Richard Burthogge
Richard Burthogge (* 1637/1638; † 1705) war ein englischer Arzt, Friedensrichter und Philosoph.
Leben
Richard Burthogge, Sohn eines Infanteriehauptmanns der Garnison Plymouth, wurde am 30. Januar 1637 (julianischer Kalender, 1638 nach dem gregorianischen Kalender) in der Kirche St Maurice in Plympton getauft. Sein genaues Geburtsdatum ist nicht bekannt. Er besuchte zuerst die Exeter Grammar School[1] und wurde 1654 am All Souls College, Oxford aufgenommen. Später wechselte er an das Lincoln College (Oxford), wo er 1658 seinen B.A. machte.[2] Im Oktober 1661 immatrikulierte er sich an der Universität Leiden. Titel seiner Dissertation, die er im Februar 1662 zur Erlangung des Doktorats in Medizin vorlegte, war De lithiasi et calculo.
Zurück in England ließ sich Burthogge in Devon nieder. Er verbrachte den Rest seines Lebens in bzw. bei Totnes, Devon[1], wo er als Arzt tätig war. Bekannt als tolerant gegenüber Katholiken, und wahrscheinlich selbst Nonkonformist, wurde er unter Jakob II. zum Friedensrichter ernannt, eine Position, die er auch unter Wilhelm III. (Oranien) behielt.
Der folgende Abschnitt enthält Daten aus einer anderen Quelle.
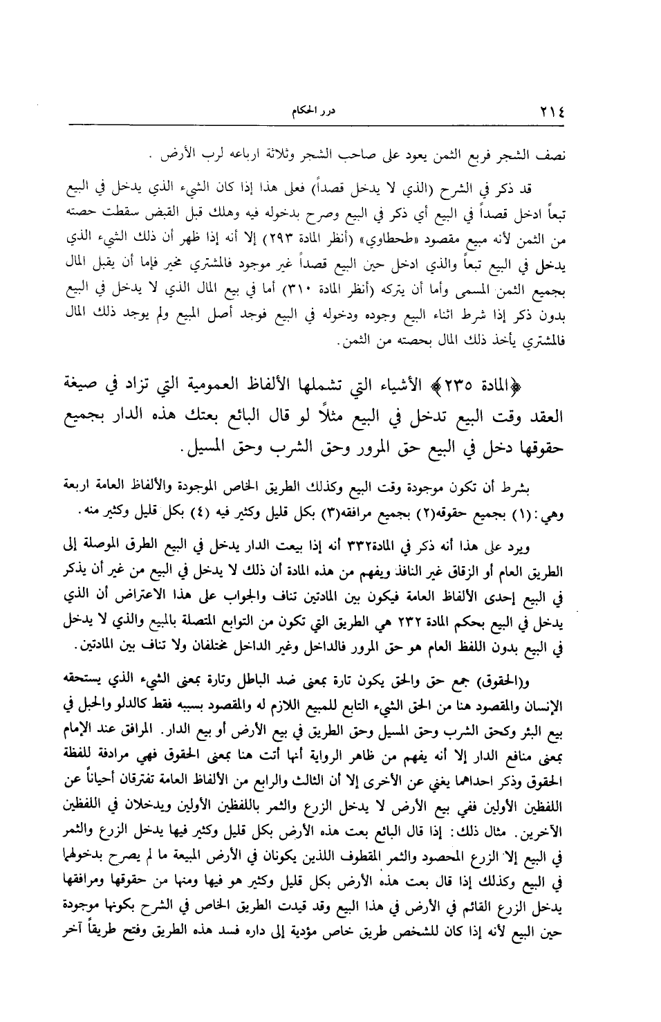 وَيَرِدُ عَلَى هَذَا أَنَّهُ ذَكَرَ فِي الْمَادَّةِ 332 أَنَّهُ إذَا بِيعَتْ الدَّارُ يَدْخُلُ فِي الْبَيْعِ الطُّرُقُ الْمُوَصِّلَةُ إلَى الطَّرِيقِ الْعَامِّ أَوْ الزُّقَاقُ غَيْرُ النَّافِذِ وَيُفْهَمُ مِنْ هَذِهِ الْمَادَّةِ أَنَّ ذَلِكَ لَا يَدْخُلُ فِي الْبَيْعِ وَمِنْ غَيْرِ أَنْ يَذْكُرَ فِي الْبَيْعِ إحْدَى الْأَلْفَاظِ الْعَامَّةِ فَيَكُونُ بَيْنَ الْمَادَّتَيْنِ تَنَافٍ وَالْجَوَابُ عَلَى هَذَا الِاعْتِرَاضِ أَنَّ الَّذِي يَدْخُلُ فِي الْبَيْعِ بِحُكْمِ الْمَادَّةِ 232 هِيَ الطَّرِيقُ الَّتِي تَكُونُ مِنْ التَّوَابِعِ الْمُتَّصِلَةِ بِالْمَبِيعِ وَاَلَّذِي لَا يَدْخُلُ فِي الْبَيْعِ بِدُونِ اللَّفْظِ الْعَامِّ هُوَ حَقُّ الْمُرُورِ فَالدَّاخِلُ وَغَيْرُ الدَّاخِلِ مُخْتَلِفَانِ وَلَا تَنَافٍ بَيْنَ الْمَادَّتَيْنِ.

Burthogge war mindestens drei Mal verheiratet. Seine erste Frau Sarah war die Tochter von Andrew Trevill, dem er 1670 seine Schrift The Divine Goodness und 1678 sein Organum Vetus et Novum widmete. In den folgenden Jahren, bereits während seiner Ehe mit Mary Deeble, veröffentlichte Burthogge mehrere weitere Schriften zu theologischen Fragen sowie zwei weitere philosophische Werke, die er John Locke widmete: An Essay upon Reason, and the Nature of Spirits (1694) und Of the Soul of the World; and of Particular Souls (1699). Mary starb wahrscheinlich 1695. Burthogges Töchter Sarah, Mary und Ann entstammen wahrscheinlich diesen ersten zwei Ehen. Ann, die noch vor ihrem Vater starb, hinterließ einen minderjährigen Sohn, Richard Babbage, Vorfahre von Charles Babbage. Als er starb, war Burthogge mit Honour verheiratet und lebte offensichtlich in Bowden bei Totnes. Er wurde am 24. Juli 1705 in der Marienkirche von Totnes begraben.
Philosophie
Burthogge ist mit seinen Arbeiten den antidogmatischen Verfechtern des Toleranzgedankens zuzuordnen, zu denen auch Henry More und John Locke zählten. Er ist vielleicht der erste Idealist der neuzeitlichen Philosophie.[3] In seinem Organum erörtert er, was es bedeutet, vernunftbegabt zu sein. Laut Burthogge sind die unmittelbaren Gegenstände des Verstandes „entia cogitationis“ oder Erscheinungen, die von den Sinnen und der Vernunft gemeinsam geformt werden. Wahrnehmung und Urteil sind untrennbar miteinander verbunden. Das Wesen unserer Verstandesfähigkeiten bedingt also, dass wir in unseren Begriffen („notions“) verhaftet sind. Bedeutung und die Begriffe, mittels derer der Verstand seine Gegenstände wahrnimmt, befinden sich genauso wenig außerhalb seiner selbst, wie Farben nicht außerhalb des Auges liegen. Die Sinne und der Verstand erfassen (und bewahren) bestimmte geistige Formen so, wie ein Spiegel Bilder oder ein Glas die Schwingungen einer Lautensaite wiedergeben. Wer versucht, die Dinge in ihrem wirklichen Wesen zu erkennen, kann sich nur in Widersprüche verstricken. Die Alltagsunterscheidung zwischen Wirklichkeit und Vorstellung ist tatsächlich nur eine Unterscheidung zwischen Begriffen, da uns ein Vergleich unserer Begriffe mit der Wirklichkeit nicht möglich ist. Folgerichtig vertritt Burthogge eine der reinsten Kohärenztheorien von Wahrheit. Wahrheit besteht in der logischen Widerspruchsfreiheit unserer Ideen untereinander, sie ist also immer logische Wahrheit (metaphysische Wahrheit ist für uns unerreichbar).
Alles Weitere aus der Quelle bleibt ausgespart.